The primary rating instrument used for assessing manic symptoms in these trials was YMRS, an 11-item clinician-rated scale traditionally used to assess the degree of manic symptomatology (irritability, disruptive/aggressive behavior, sleep, elevated mood, speech, increased activity, sexual interest, language/thought disorder, thought content, appearance, and insight) in a range from 0 (no manic features) to 60 (maximum score).

The results of the trials follow:

Monotherapy

In two 12-week trials (n=300, n=299) comparing SEROQUEL to placebo, SEROQUEL was superior to placebo in the reduction of the YMRS total score at weeks 3 and 12. The majority of patients in these trials taking SEROQUEL were dosed in a range between 400 and 800 mg per day.

Adjunct Therapy

In this 3-week placebo-controlled trial, 170 patients with acute bipolar mania (YMRS ≥ 20) were randomized to receive SEROQUEL or placebo as adjunct treatment to lithium or divalproex. Patients may or may not have received an adequate treatment course of lithium or divalproex prior to randomization. SEROQUEL was superior to placebo when added to lithium or divalproex alone in the reduction of YMRS total score.
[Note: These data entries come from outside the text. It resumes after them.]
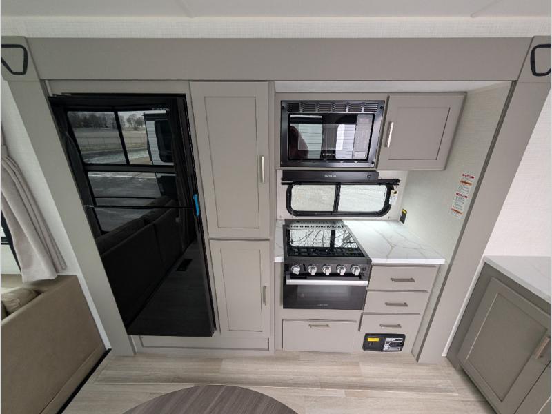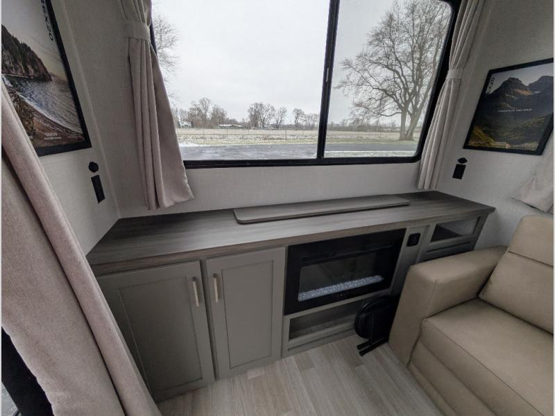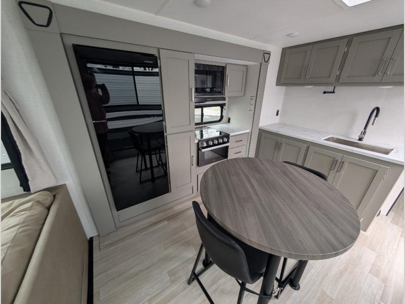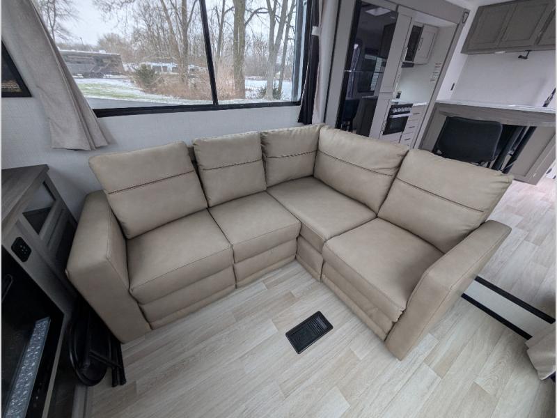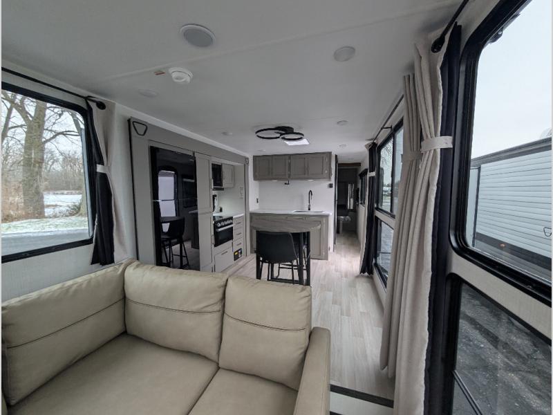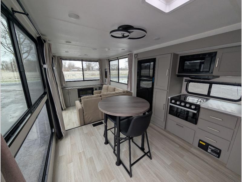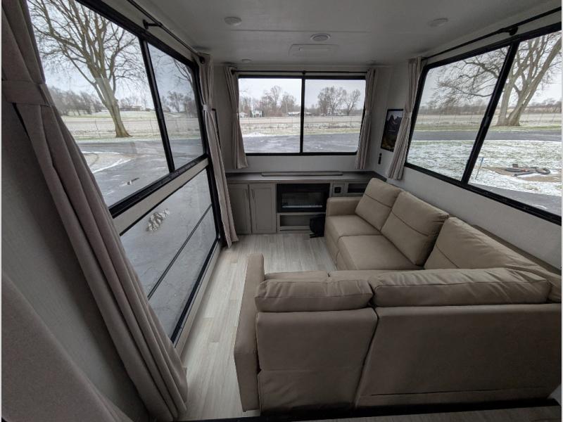 This travel trailer is designed for campers who want residential-style comfort without giving up easy towing, offering a smart, functional layout for everyday living on the road. A sunken living room creates a cozy, separate lounge space, complete with a fireplace and a large sectional sofa that’s perfect for stretching out or hosting friends. In the kitchen area, a bistro table gives you a stylish spot for coffee, meals, or laptops without eating up floor space. At the end of the day, you can retreat to the front bedroom where an Olympic queen bed and dual wardrobes provide extra sleeping room and plenty of storage so you can stay organized and feel at home on every trip.
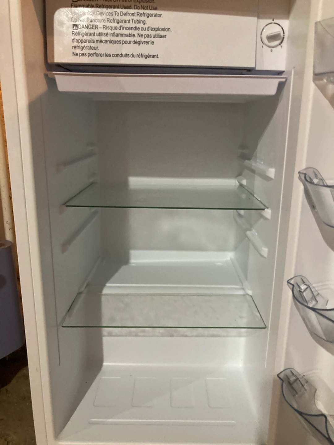 Impeccably clean mini fridge in very good working condition. One of the shelves has a crack in it (see third photo).
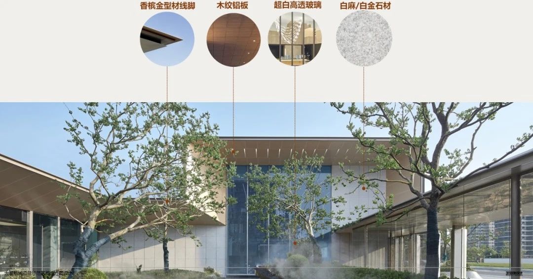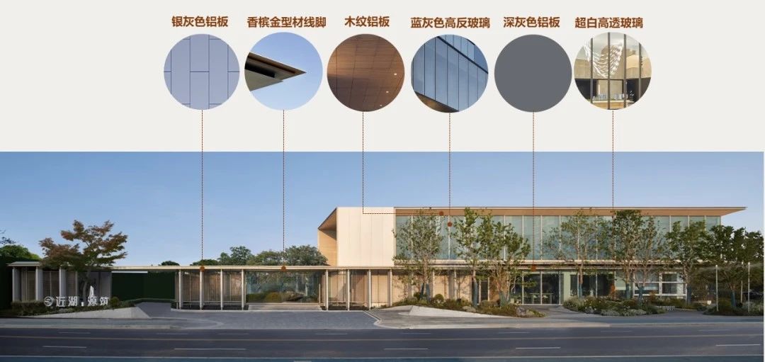 再來看蘇州世紀(jì)金源近湖源筑的立面,無界限的超白玻將室外景致無限引入室內(nèi),淺色系的白金石材搭配木紋鋁板營造輕盈且通透的建筑體量。
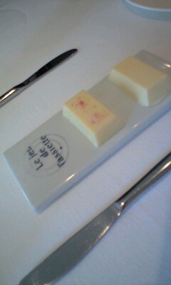 シェフのスペシャリテではありますし、確かに素材自体のおいしさをいただくという意味では実に面白い一品。 塩とオリーブオイルが主役なんですよww オリーブオイルも、フランス産で、オリーブの重みだけで絞られ、種部分は絞られてないから、エグミがひとつもないというオイルでした山羊の乳も、今朝京都でとれたばかり、空輸してとどいたものをバヴァロアにしたそうです。
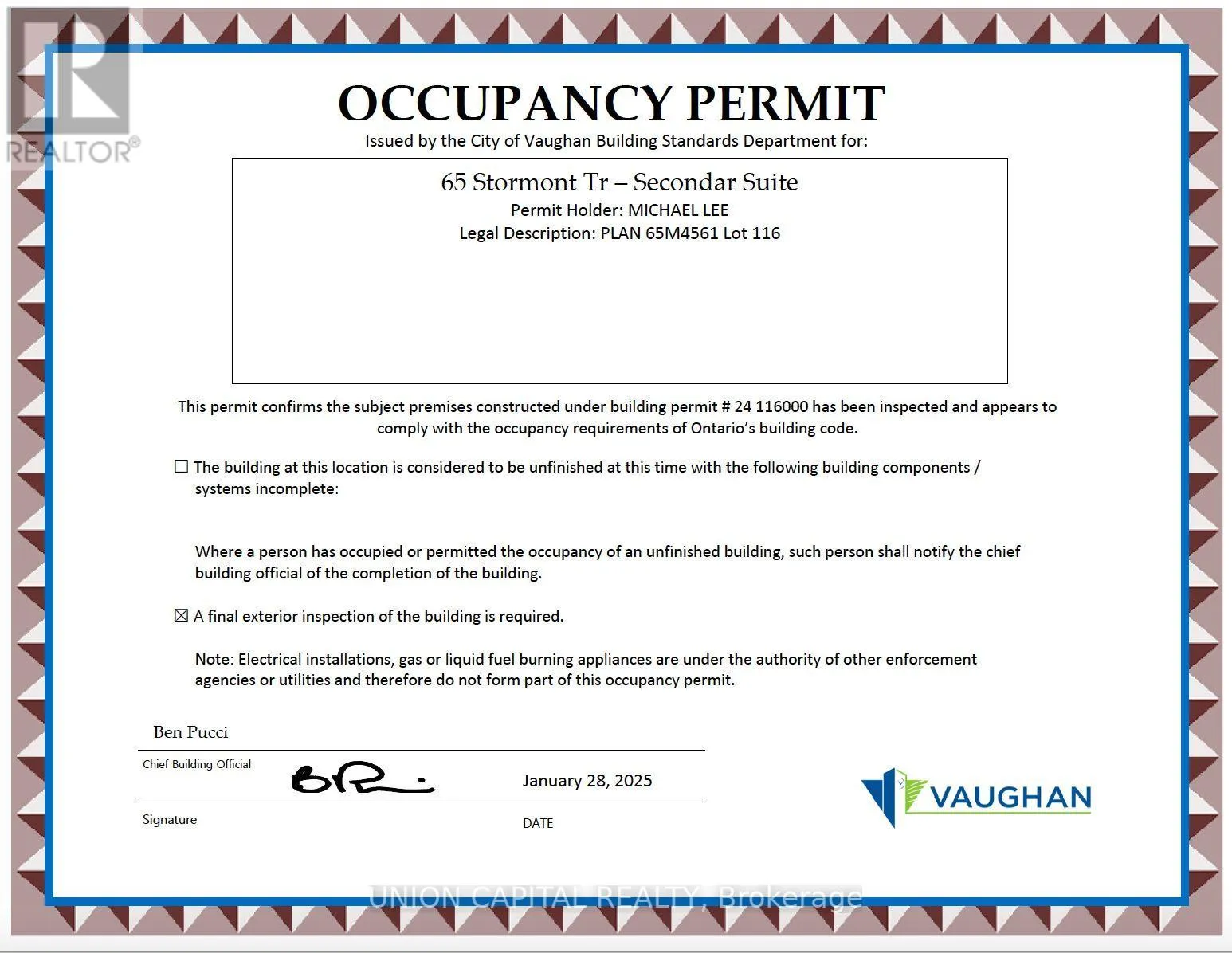 Cross Streets: Weston Rd & Major Mackenzie. ** Directions: South Side on Stormont Trail. Brand New Finished Legal Basement Apartment with Modern Finishes and Completed Final Occupancy Permits!! Be the First to Enjoy this Newly Completed 2 Bedroom + Den unit with Brand New Stainless Steel Appliances and LG Laundry Machines that have never been used! The Location is Very Family Friendly and is quiet with no neighbours across the street! The Separate legal side door entrance leads you down to a large Expansive Open Concept Space with several large upgraded Egress windows making it feel like a main floor level with Bright Natural Sunlight! Great Location that is close to Top Rated schools, Hwy 400 and Hwy 7, parks, grocery stores, shopping, restaurants, and public transit. Extras: XLarge Ensuite Storage Room, 1 parking space ( on new Stone Driveway ), Water Softner, Bright Potlights throughout and New Laminate Flooring. ... Easy to Show! and Great Friendly Landlords! (id:27476)
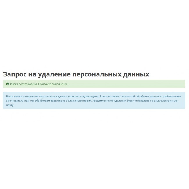 - Ссылка в личном кабинете пользователя для подачи запроса на удаление персональных данных.
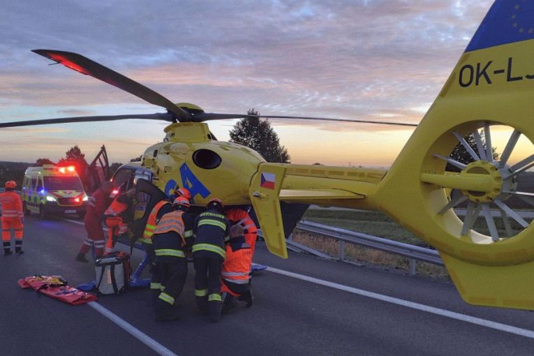 Na dálnici D46 u Vyškova zastavila provoz nehoda. Na místě přistával vrtulník
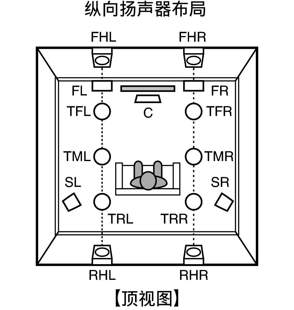 包含纵向扬声器和天花板扬声器的布局
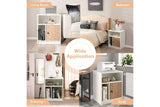 2 end tables provide ample storage space that includes open compartments and closed cabinet to store your daily necessities or display decorations. The rounded handle is convenient to open and close the door of the cabinet. In addition, the back hole also offers a solution to your messy cables. These white night stands are constructed from high-quality wooden panels, which are long lasting and ensure strong stability. The water-proof and wear-resistant surface is also easy to clean. This set of side tables has wide applications in various places, such as the bedroom, living room, study, office, etc.
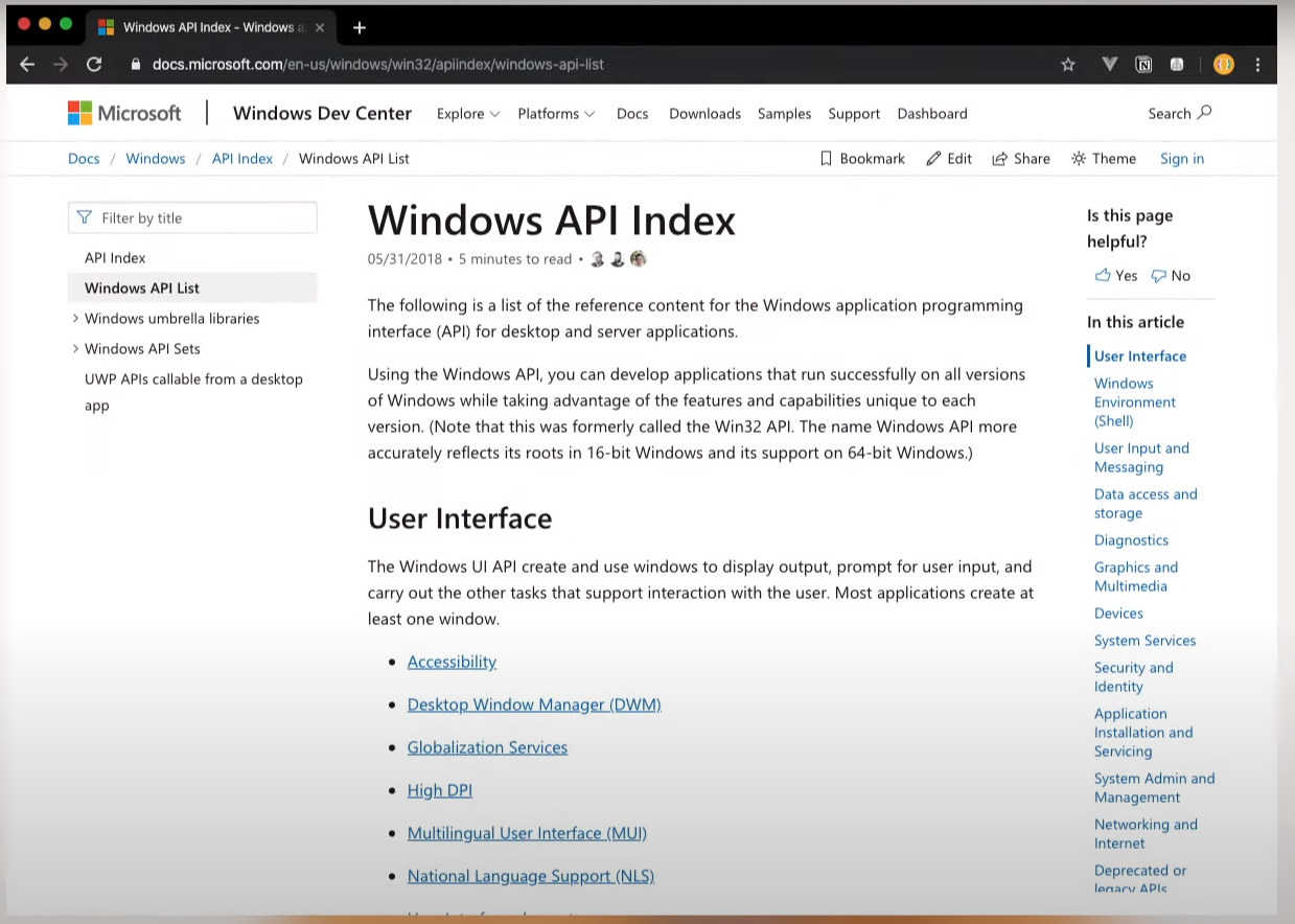 윈도우에는 개발자들이 프로그램을 개발할 때 시스템이나 하드웨어에 대한 세세한 지식이 없어도 지정된 명령어로 동작을 수행하도록 소프트웨어를 짤 수 있는 Windows API 를 제공한다.

The majority of patients in this trial taking SEROQUEL were dosed in a range between 400 and 800 mg per day. In a similarly designed trial (n=200), SEROQUEL was associated with an improvement in YMRS scores but did not demonstrate superiority to placebo, possibly due to a higher placebo effect.

Schizophrenia

The efficacy of SEROQUEL in the treatment of schizophrenia was established in 3 short-term (6-week) controlled trials of inpatients with schizophrenia who met DSM III-R criteria for schizophrenia. Although a single fixed dose haloperidol arm was included as a comparative treatment in one of the three trials, this single haloperidol dose group was inadequate to provide a reliable and valid comparison of SEROQUEL and haloperidol.

Several instruments were used for assessing psychiatric signs and symptoms in these studies, among them the Brief Psychiatric Rating Scale (BPRS), a multi-item inventory of general psychopathology traditionally used to evaluate the effects of drug treatment in schizophrenia. The BPRS psychosis cluster (conceptual disorganization, hallucinatory behavior, suspiciousness, and unusual thought content) is considered a particularly useful subset for assessing actively psychotic schizophrenic patients. A second traditional assessment, the Clinical Global Impression (CGI), reflects the impression of a skilled observer, fully familiar with the manifestations of schizophrenia, about the overall clinical state of the patient. In addition, the Scale for Assessing Negative Symptoms (SANS), a more recently developed but less well evaluated scale, was employed for assessing negative symptoms.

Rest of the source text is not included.